Southwest and JetBlue expect higher revenue in second quarter as travel booms

The rebound in travel is shaping up to be even stronger than expected by airlines, helping to offset rising fuel prices. Southwest Airlines and JetBlue Airways said Thursday their second-quarter revenue was on track to be higher than the carriers had expected.

The announcements are the latest sign that people are increasingly planning leisure and business trips despite a rise in coronavirus cases across the country. Many travelers also seem indifferent to the high prices of tickets, hotel rooms and rental cars. Flights booked in the United States for this weekend cost an average of $394, up 28% from the same weekend in 2019, according to Hopper, a travel booking app.

Southwest said in a securities filing that it expects April-June revenue to rise 12 to 15 percent from the same period in 2019, versus a previous projection of an 8 percent increase. at 12%. And while fuel prices are expected to be 5 to 11% higher than expected, higher revenues will “more offset” this cost increase, the airline said.
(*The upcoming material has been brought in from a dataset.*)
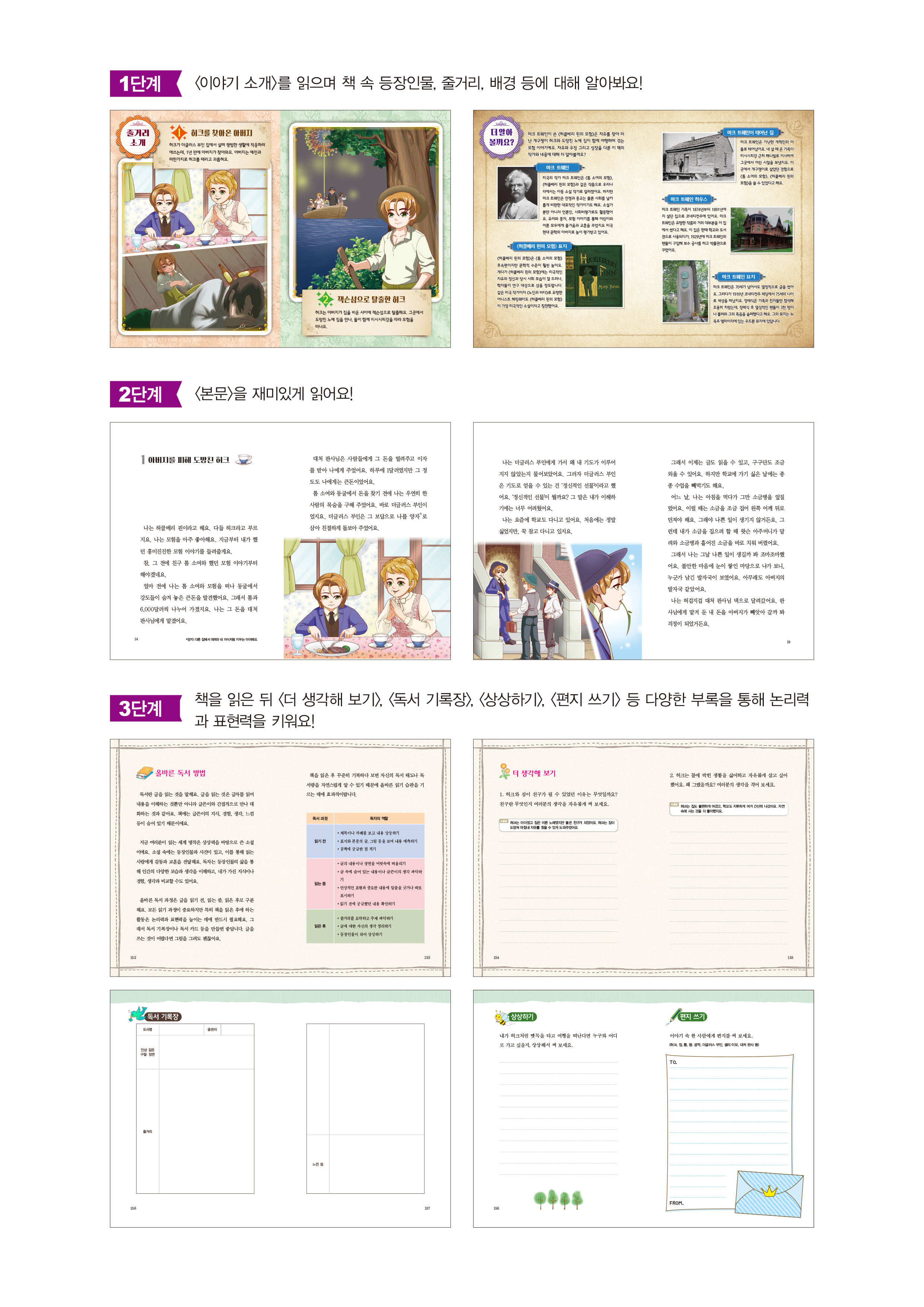 이 시리즈는 책을 읽기 전에 그림으로 된 〈이야기 소개〉 코너를 수록해 등장인물, 줄거리, 이야기의 배경 등에 대해 알려 주어 책에 대한 이해를 도와줍니다. 또 본문 뒤에 〈올바른 독서 방법〉을 수록해 책을 읽고 정리하는 방법을 알려 주고, 〈더 생각해 보기〉, 〈독서 기록장〉, 〈상상하기〉, 〈편지 쓰기〉 등의 다양한 활동을 통해 독후 활동을 재미있게 할 수 있도록 돕습니다. 아이들은 자기 생각을 정리하며 논리력과 표현력을 키울 수 있습니다. 〈책 읽기 3단계〉 * 1단계: 〈이야기 소개〉를 읽으며 책 속 등장인물, 줄거리, 배경 등에 대해 알아봐요! * 2단계: 〈본문〉을 재미있게 읽어요! * 3단계: 책을 읽은 뒤 〈더 생각해 보기〉, 〈독서 기록장〉, 〈상상하기〉, 〈편지 쓰기〉 등 다양한 부록을 통해 논리력과 표현력을 키워요! |

Based on current trends, Southwest said it “expects strong earnings and operating margins” for the second quarter and the remainder of the year.

JetBlue also said business is improving and it is on track to collect record revenue this summer. Ticket bookings are beating the airline’s expectations, with revenue for the current quarter expected to be “at or above” the upper bound of its previous estimate. Revenue per seat per mile flown is expected to be more than 20% higher than in the second quarter of 2019, the airline said.
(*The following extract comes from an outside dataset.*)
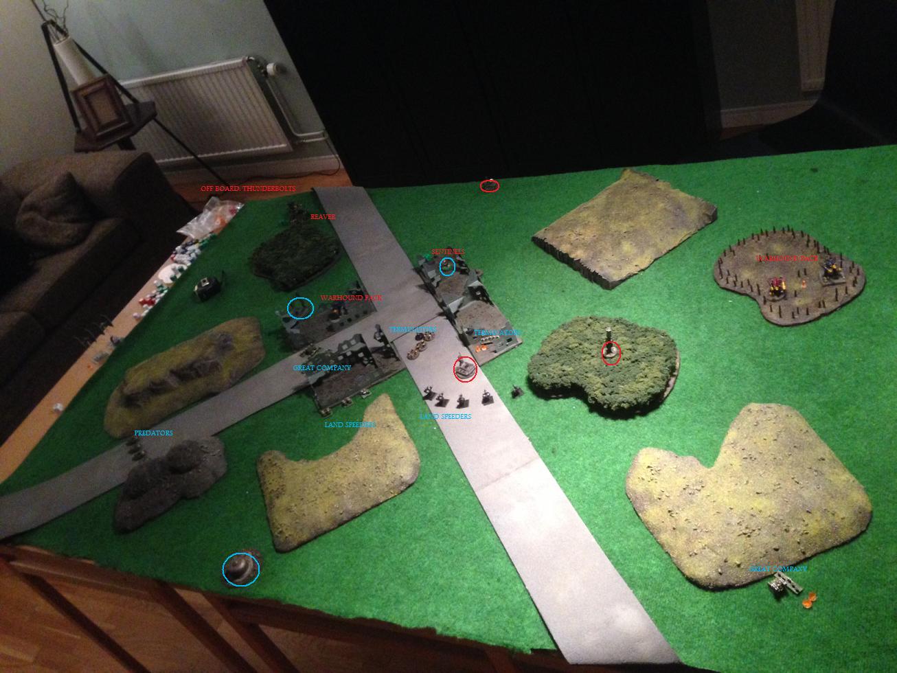 T: warhound pack on left flank doubles down the road to middle ruins.

United Airlines issued a similar update last week. The company said revenue per seat per mile is expected to increase 23-25% in the second quarter compared to the same period in 2019. United had previously forecast a 17% increase.

Last month, United chief executive Scott Kirby described flight demand as “the strongest in my 30 years in the industry”.
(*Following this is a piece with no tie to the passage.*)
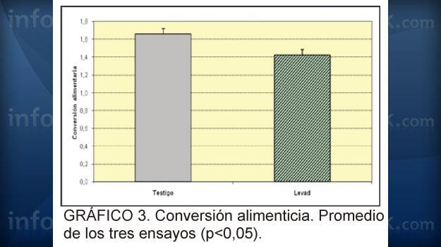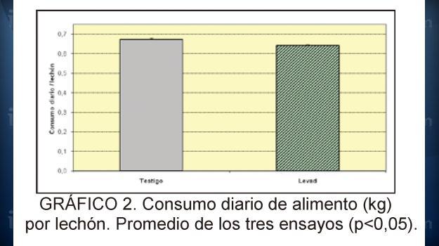 El consumo diario promedio de alimento por lechón (Gráfico 2) y la conversión alimenticia (Gráfico 3) fueron mayores en los grupos sin levadura (p < 0,05), recomendando trabajar con mayor número de ensayos para generalizar los resultados y así aumentar los grados de libertad.

In the first half of May, consumers spent about $4 billion on domestic flights, up 5% from the second half of April, according to recent analysis by the Adobe Digital Economy Index. , which tracks the online sales of six of the top 10. American airlines. Reservations increased by 2% between the last 15 days of April and the first 15 days of May. Sales and spending increased in May, compared to a similar period in 2019, according to the analysis.

Delta Air Lines said Thursday it expects to fly 2.5 million passengers over Memorial Day weekend, up 25% from the same weekend last year, but still below the 2.8 million people carried in the same weekend in 2019. The company also said it would reduce flights this summer in a bid to avoid flight delays and cancellations that have plagued airlines last year.

Inclement weather, air traffic control disruptions, understaffed vendors and coronavirus quarantines have resulted in “an operation that is not always up to the standards set by Delta,” said Allison Ausband, chief operating officer. airline customer experience, in a statement. Delta plans to cut about 100 daily flights from July through the first week of August, a 2% reduction in its schedule.